Воробьев, собрав бумаги, откланялся, было, но, уже в дверях, резко обернулся и, снова глядя недобро, хмуро, завел прежнюю шарманку:
– Эта женщина, Александра Васильевна, она безумно доверчива. Как дитя. Я, право, и не думал, что такие еще остались в наш жестокий век. Нехорошо обманывать ее доверие.
– Не знаю, как вы, Кирилл Андреевич, – столь же хмуро ответил ему Кошкин, – но я намереваюсь найти убийцу ее матери, а не обманывать ее доверие. У вас все?
Воробьев кивнул, немного смущенный. Снова повернулся к дверям – но столкнулся с секретарем Кошкина нос к носу.
– Степан Егорович, к вам посетитель, – доложил тот, пропуская Воробьева. – Просили передать карточку.
Кошкин никого не ждал в этот час, и, гадая, кто бы это мог быть, принял солидного вида бумажный прямоугольник. Плотная бумага с оттиском. Размашистая надпись «Банкирскій домъ Соболевыхъ» с одной стороны и скромная «Денисъ Васильевичъ Соболевъ» с другой. Кошкин невольно подобрался, пятерней пригладил волосы – и наткнулся на вопросительный взгляд Воробьева, все еще застрявшего в дверях.

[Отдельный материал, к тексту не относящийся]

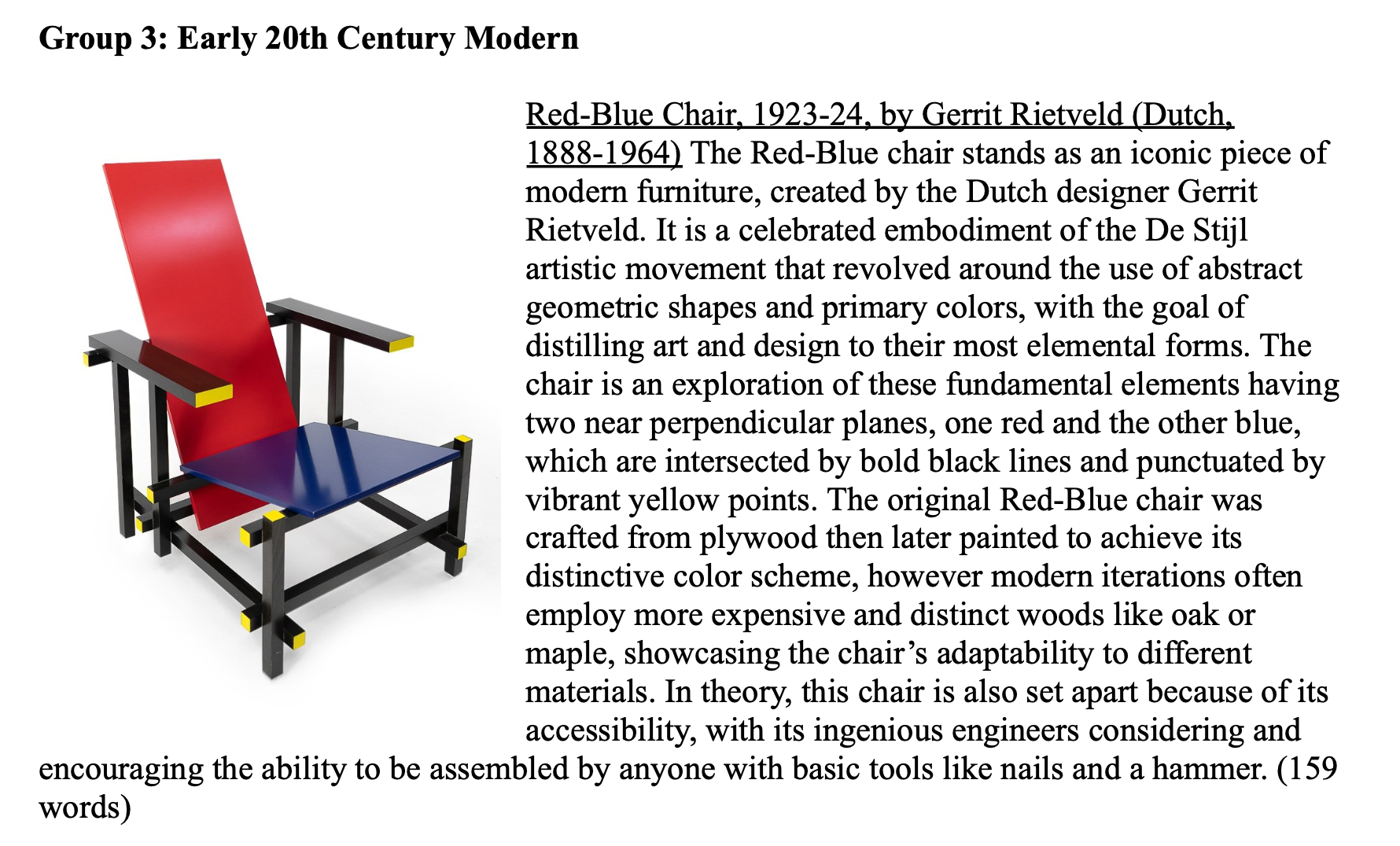 The second image reads, “Red-Blue Chair, 1923-24, by Gerrit Rietveld (Dutch, 1888-1964) The Red-Blue chair stands as an iconic piece of modern furniture, created by the Dutch designer Gerrit Rietveld. It is a celebrated embodiment of the De Stijl artistic movement that revolved around the use of abstract geometric shapes and primary colors, with the goal of distilling art and design to their most elemental forms. The chair is an exploration of these fundamental elements having two near perpendicular planes, one red and the other blue, which are intersected by bold black lines and punctuated by vibrant yellow points. The original Red-Blue chair was crafted from plywood then later painted to achieve its distinctive color scheme, however modern iterations often employ more expensive and distinct woods like oak or maple, showcasing the chair’s adaptability to different materials. In theory, this chair is also set apart because of its accessibility, with its ingenious engineers considering and encouraging the ability to be assembled by anyone with basic tools like nails and a hammer. (159 words)
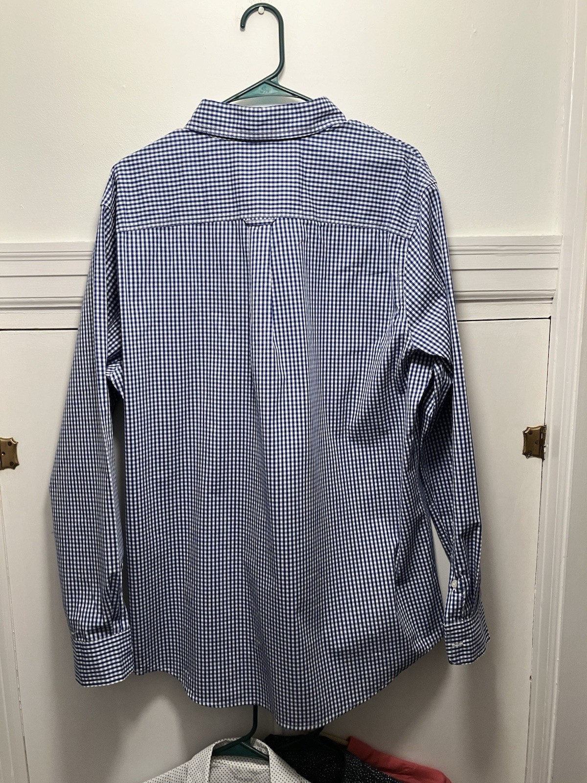 как выглядит CHAPS NWT Men s Large Navy/White Easy Care Stretch Button Down Plaid Dress Shirt фото

– Я просил вас принести кольцо, Кирилл Андреевич, – напомнил Кошкин с холодком.
Тот спорить не стал, исчез, наконец.
* * *
Господин Соболев Денис Васильевич оказался несколько старше, чем ожидал увидеть Кошкин. Ему уж за сорок, должно быть. Худощав, одет подчеркнуто аккуратно, но без особенного лоска, присущего людям его круга. Лицо строгое, худое, будто иссушенное, с аккуратной бородкой, что тоже навевало мысли о десятке лишних лет. На голове банкира в темно-каштановых волосах виднелась крупная залысина, которую, впрочем, тот и не старался скрыть. Глаза же были безмерно уставшими, но острыми, внимательными и подмечающими всё и вся.
– Не стану скрывать, я был расстроен, что не застал вас вчера, господин Соболев… – Кошкин чувствовал себя не очень уверенным, приветствуя посетителя. Еще и оттого, что визита банкира совсем не ждал, и как тот поведет разговор, тоже не представлял. – Так чем я могу быть полезен?
– Полагаю, вы и сами знаете, чем можете быть полезны мне и моей семье? – ровно ответил Соболев, не сводя с него испытующего взгляда.
Однозначно он явился не для того, чтобы поспособствовать расследованию…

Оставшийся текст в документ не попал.